Nevertheless, GHB is still in use, albeit with more sinister intentions. A shipment of the drug was seized just last year on Oct. 9 in Jacksonville, Florida by U.S. Customs and Border Protection officers. The three-pound package of liquid gamma-butyrolactone (which converts into GHB upon ingestion) was potent enough to potentially affect 1,000 victims, according to the officials. “We find a lot of this stuff is going to be distributed in and around college areas, and so we feel this might have been—we aren’t sure but—destined for the Florida State campus,” Jacksonville Port Director Douglas Straatsma told the local news station, News4Jax.

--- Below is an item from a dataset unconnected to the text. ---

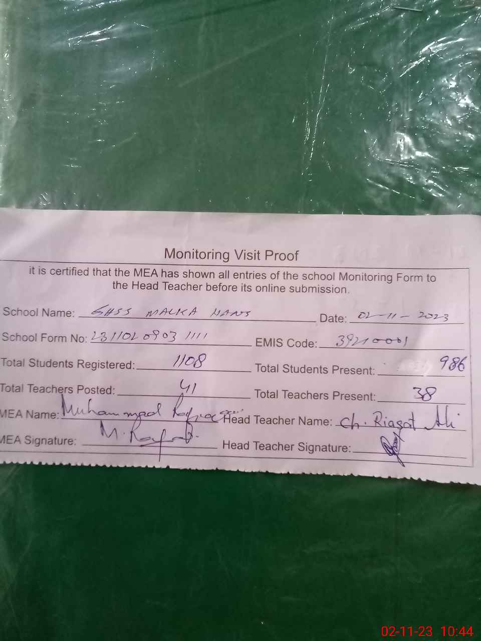 | Certified that this School was Inspected by the Undersigned MEA/DMO Today and the Information Stated Above is as Per Record. | |||||
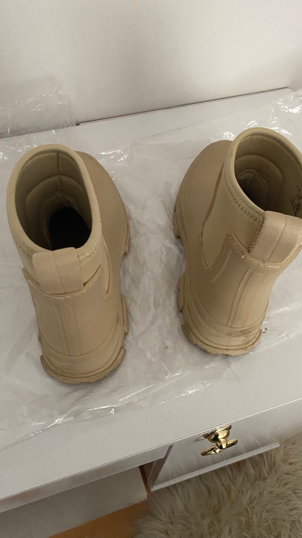 Bej renkte, platform topuklu lastik botlar, günlük kullanım için uygundur. Minimalist ve desensiz tasarımıyla şık ve modaya uygun sokak stili sunar.

A conversation has begun about drug use in the millennial generation. There are more drugs in the market than ever before, and they are becoming easier to get a hold of. While there are many willing to engage in recreational drug use who benefit from shift, there are others who seek to use the drugs for malicious reasons. It is also important to understand the connection because date rape drugs are not limited to GHB. It can be a cocktail of any recreational drugs. In a culture of drug use, we are opening the door to drugs being put in the wrong person’s hands. Not speaking up denies the ability to differentiate who is choosing drugs for themselves and who is unknowingly consuming them. I want to begin a conversation beyond the drugs kids these days are doing.

I wrote this article to urge others with a story similar to mine to speak up. Your voice needs to be heard for a change to ignite. Rape is perhaps the most horrifying exploitation of a human being, and many of them occur because of druggings. To truly get to the root of this problem, date rape drugs need to be a part of the conversation. The worst outcome does not need to happen for your story to be valid. You do not need to be the picture of tragedy for your trauma to be legitimate. You do not need to be bruised to be hurt.